Is the Milwaukee archdiocese too broke to pay its legal bills?

MILWAUKEE (WI)
National Catholic Reporter

Marie Rohde | Jul. 29, 2014

MILWAUKEE
The Milwaukee archdiocese has filed for bankruptcy, but is it too broke to pay its legal bills?

Currently, the archdiocese has paid or owes just shy of $14 million in legal and professional fees related to the bankruptcy. As the debtor, the archdiocese is required by federal law to pay the legal expenses of those who have filed claims as well as its own lawyers. Lawyers for the archdiocese filed a 63-page statement to back up a $204,451 bill for the month of June alone.

The legal bills are far greater than the $4 million the archdiocese offered survivors of sex abuse before filing for bankruptcy on Jan. 4, 2011. That prompted Peter Isely, the Midwest director for the Survivors Network of those Abused by Priests and one of the Milwaukee claimants, to question whether the archdiocese’s actions are consistent with what Pope Francis has said.

“Although it is unclear what this pope is doing or not doing on the issue, one thing that is perfectly clear is that paying lawyers three to four times what they have offered victims is directly opposite to this pope’s pontificate,” Isely said. “He has said that victims have a right to and must be justly compensated.”

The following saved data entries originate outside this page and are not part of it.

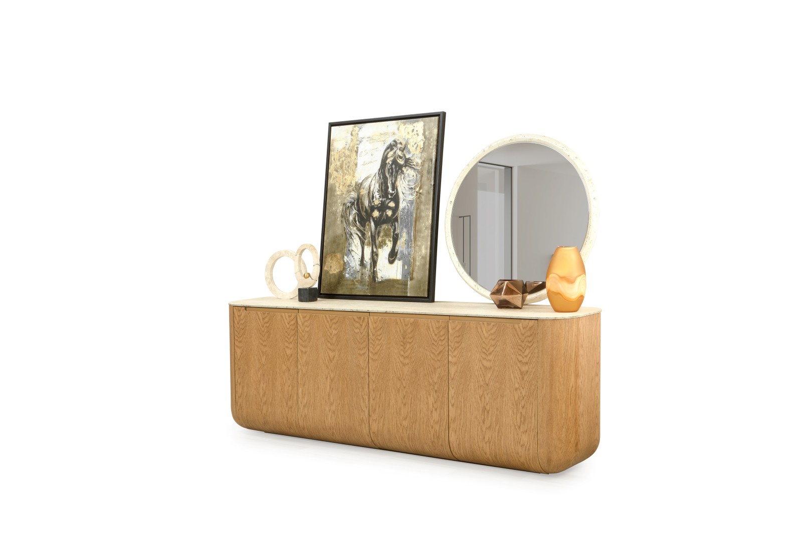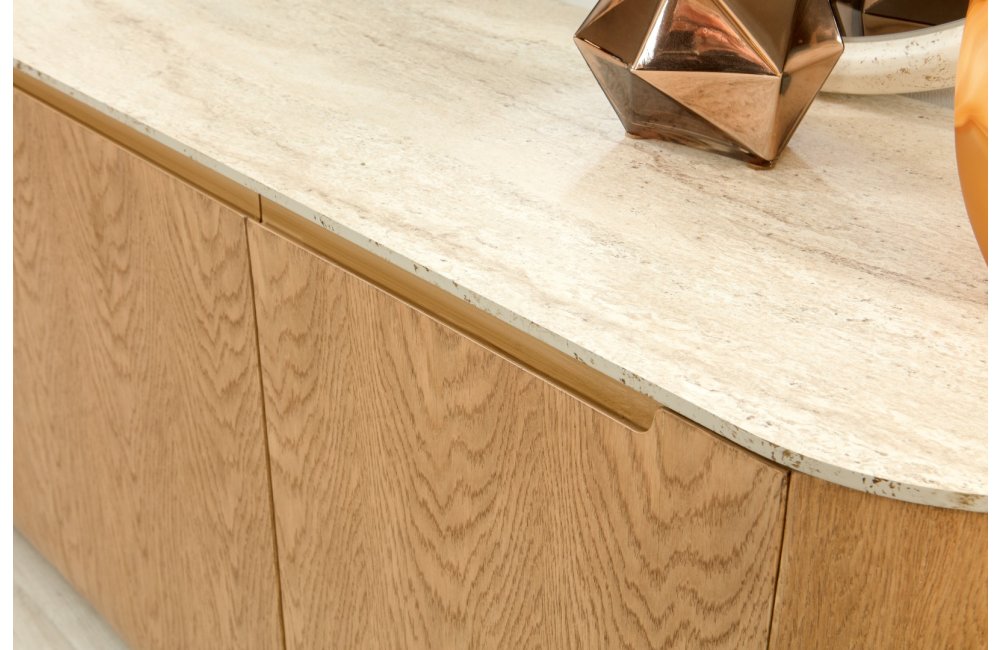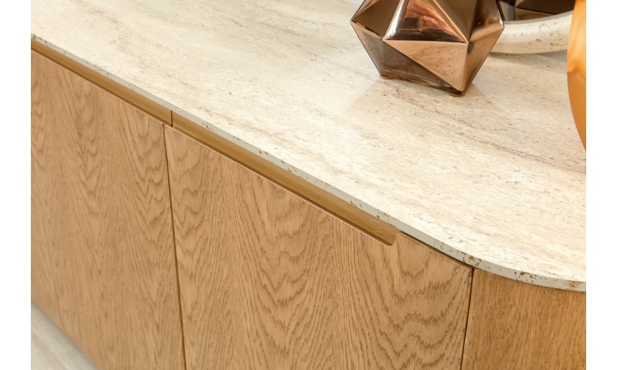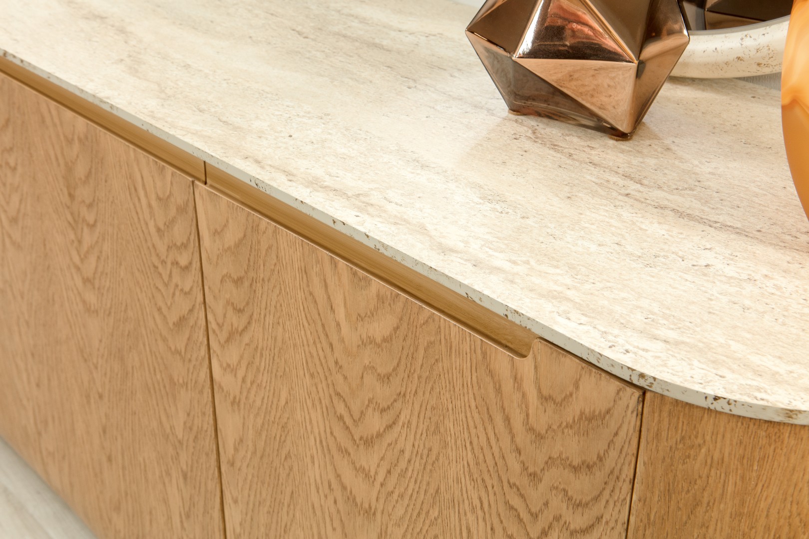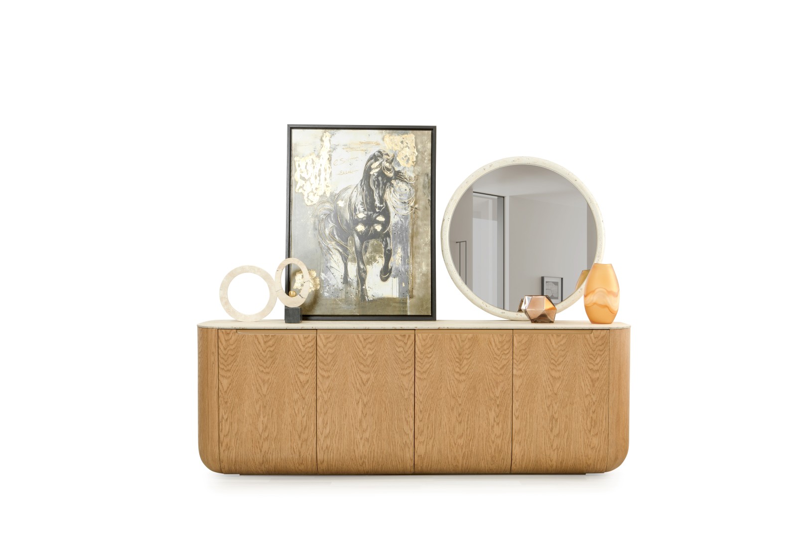 • Doğal Ahşap İşçiliği: Konsol ve masa gövdesinde kullanılan yüksek kaliteli meşe kaplama, dikey formlu dokusuyla mekana derinlik katar.
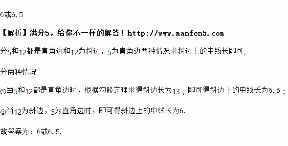 两边长分别为5,12的直角三角形,其斜边上的中线长为___________________.
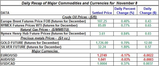 Here is a summary of the daily developments of precious metals and energy commodities for November 8th, 2012:
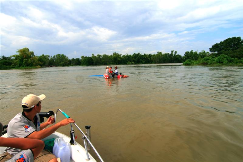 ส่วนผมแยกไปซอยตรงข้าม ซึ่งไม่มีเรือเลย เพราะน้ำแรงมาก และก็ไม่ลึก มีตั้งแต่ต่ำกว่าเข่าถึงหน้าอก เรืออื่นไม่มีใครไปกันก็เป็นที่ทดสอบเรือยางท้องแบนกันละ ผมบอกได้เลยว่าที่สุดจริงๆ คือ
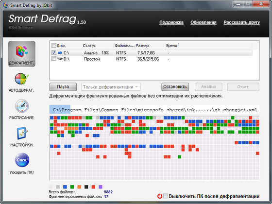Обновилась IObit SmartDefrag - бесплатная программа для дефрагментации жесткого диска. Работает в нескольких режимах: ручном, по расписанию и в автоматическом (дефрагментация происходит в фоновом режиме, когда компьютер простаивает).
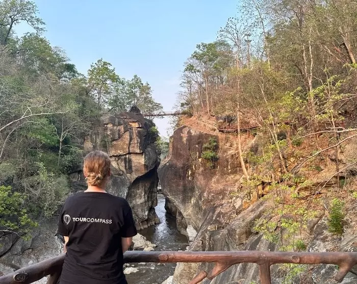 Turen fortsetter deretter til Ob Luang nasjonalpark, som er kjent for sitt dramatiske landskap. Her får du oppleve den smale og dype kløften Ob Luang, hvor Mae Chaem-elven passerer gjennom bratte klipper. Kløften kalles også “The Kissing Cliff”, ettersom det kan se ut som to ansikter som kysser. Over tid har den kraftige vannstrømmen formet denne spektakulære kløften, som er omgitt av frodig skog og fjell. Ob Luang nasjonalpark har også flere arkeologiske funnsteder og hulemalerier som anslås å være over 3000 år gamle.
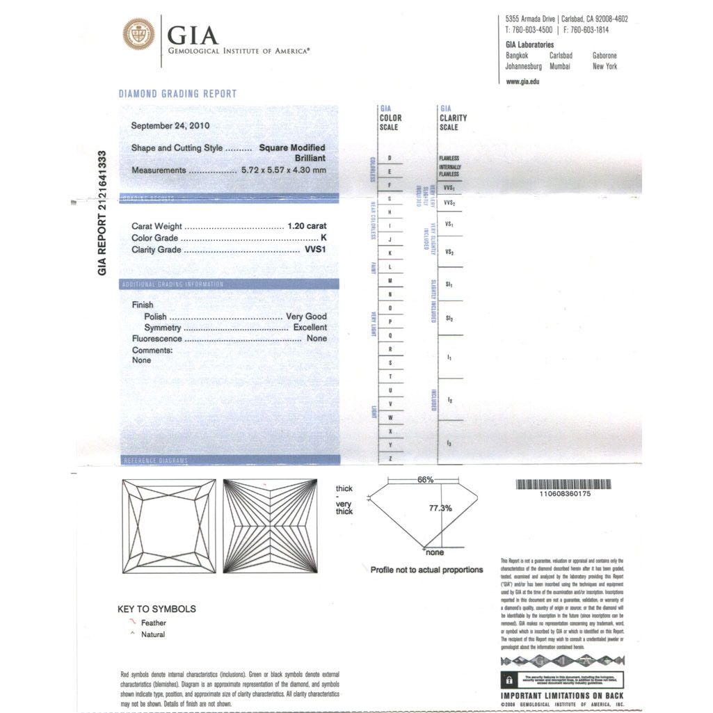 Diamond GIA Cert.ID:2121641333 Square 1.20 ctw K, VSS1 **|**|** 5.72x5.57x4.30mm;Cut Very Good; Polish Good; Symmetry Excellent; Fluo None; Depth 77.3%; table 66% ; MSRP: $15700
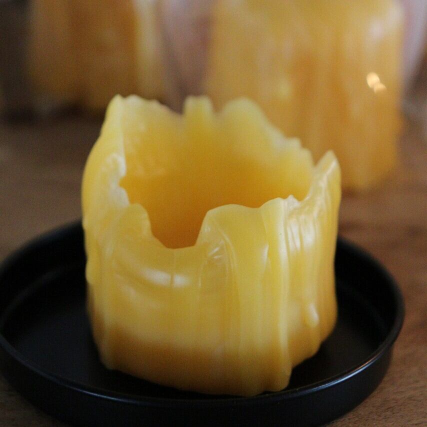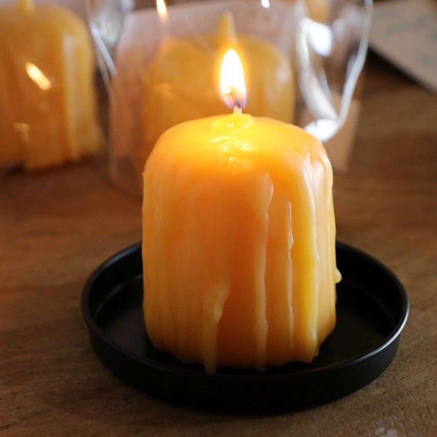 全て手作業で芯糸に蜜蝋をかけ流ししながら形を成形していますので、形状や風合いは個体毎に違います。
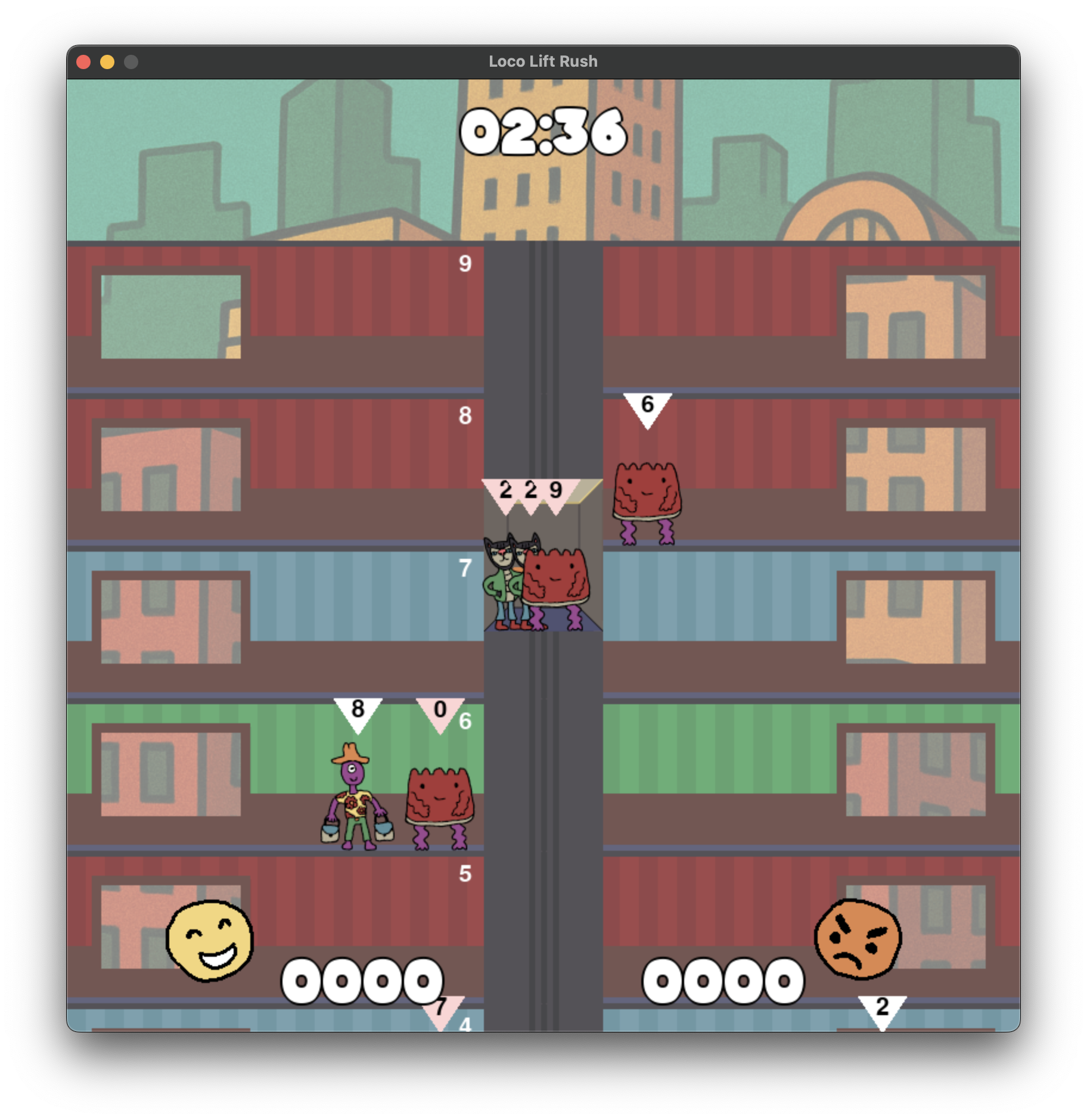 My concept is super simple - you control a lift going up and down the floors of a skyscraper, collecting passengers before they lose their patience, and dropping them off at the floor they want. My working title is "Loco Lift Rush".
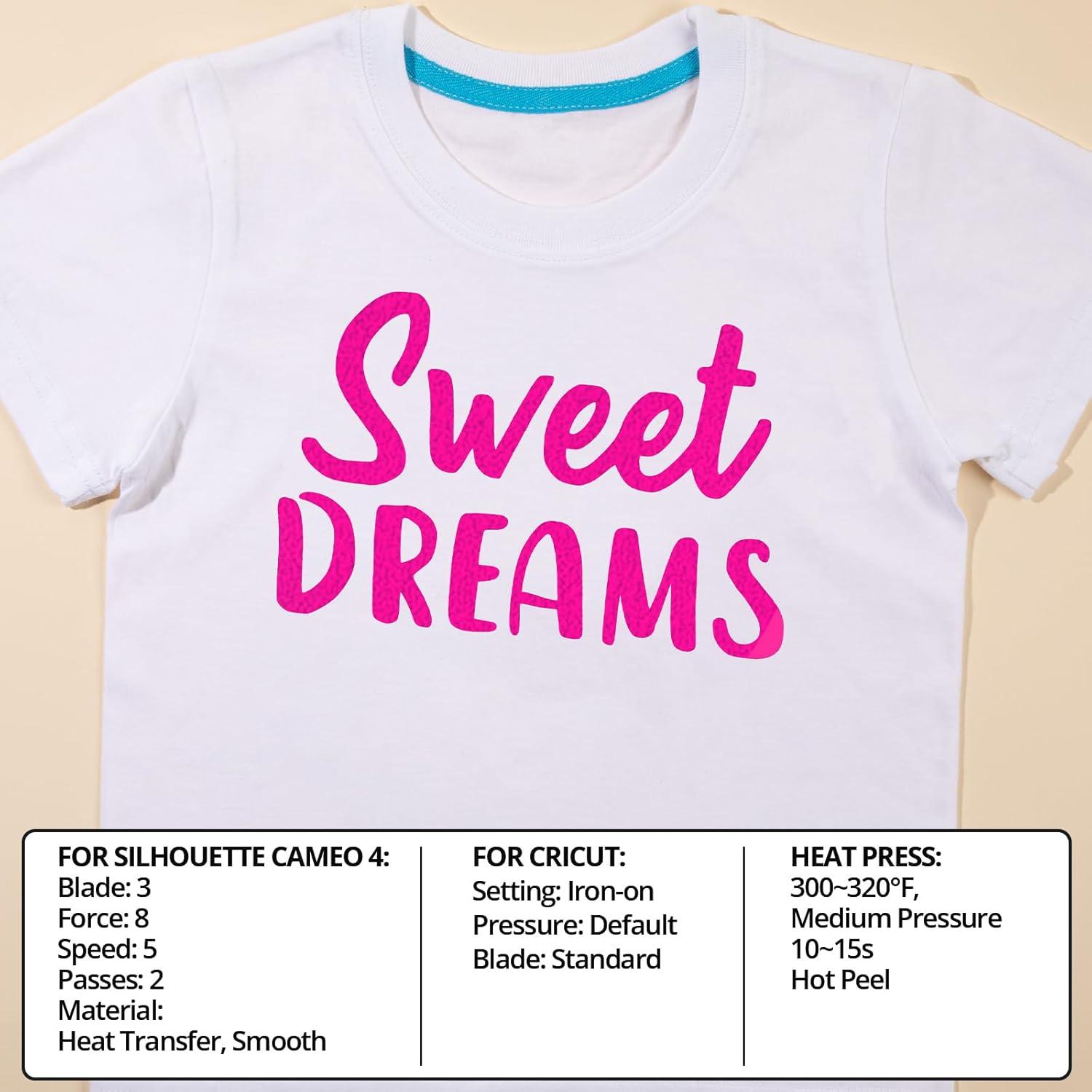 12 INCHES x 20 FEET ROllS: Our iron on vinyl rolls measure 12″x 20ft are easy and convenient to cut into different size of art designs or logos or letters and perfect for 12×12″ and 12×24″ cutting mats. Our vinyl are compatible for all cutter machines
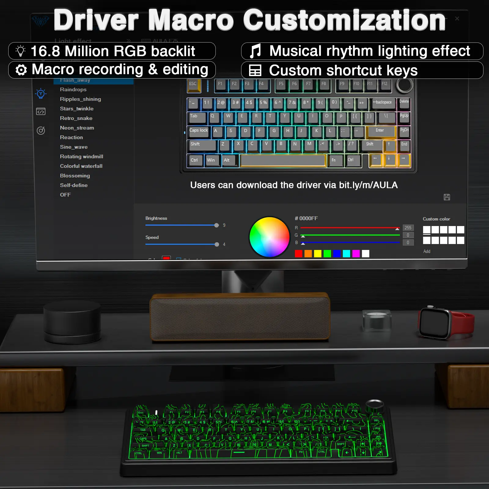 ·16.8 Million RGB Backlit: F75 Pro light up led keyboard features 16.8 million RGB lighting color. With 16 pre-set lighting effects to add a great atmosphere to the game. And supports 10 cool music rhythm lighting effects with driver. Lighting brightness and speed can be adjusted by the knob or the FN + key combination. You can select the single color effect as wish. And you can turn off the backlight if you do not need it
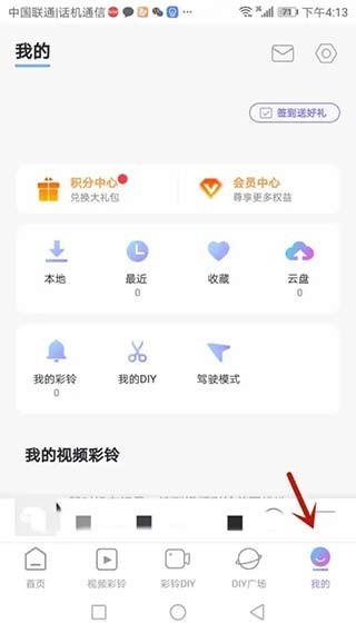 1、打开爱音乐,点击“+”或进入“彩铃DIY”入口。
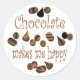 Amantes de chocolate vão gostar desta deliciosa design com doces de chocolate e as palavras Chocolate me faz feliz. Aproveite!
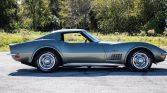 The beautiful and elegant looking September 71′ build 1972 Stingray pictured here is painted in its original code 988 Steel Cities Grey with 15×8 inch Chevrolet Rallye wheels wrapped in brand new white letter radial tires. This rather unique color is almost more of a green grey than a standard grey, and with the beautiful chrome bumpers and silver painted wheels it really jumps out and grabs you. This car is a looker. The interior of this beauty is complete in its original code 400 black vinyl as it left the factory. The carpets and seats are in excellent condition, and all gauges(exc. oil pressure and clock) are 100 percent functional. This classy Corvette features the custom seat belt option with shoulder straps, a tilt and telescopic steering wheel, AM/FM mono stereo, power steering and power brakes. Under the hood is the numbers matching, August 71′ build date, CKX coded, 200HP 350CI V-8 mated to a Turbo Hydramatic three speed automatic transmission. The standard ratio 3.08 rear axle features posi traction and disc brakes are present all around.

James Stang, a lawyer representing the committee of creditors, most of them survivors of sexual abuse, says professionals on his side of the case were owed more than $2.3 million as of July 1. He asserts the archdiocese has the money to pay its bills but suggested the diocese is holding back payment in an effort to force a settlement. Stang has asked U.S. Bankruptcy Judge Susan V. Kelley to reconsider her order that put payments to lawyers on hold nearly 18 months ago.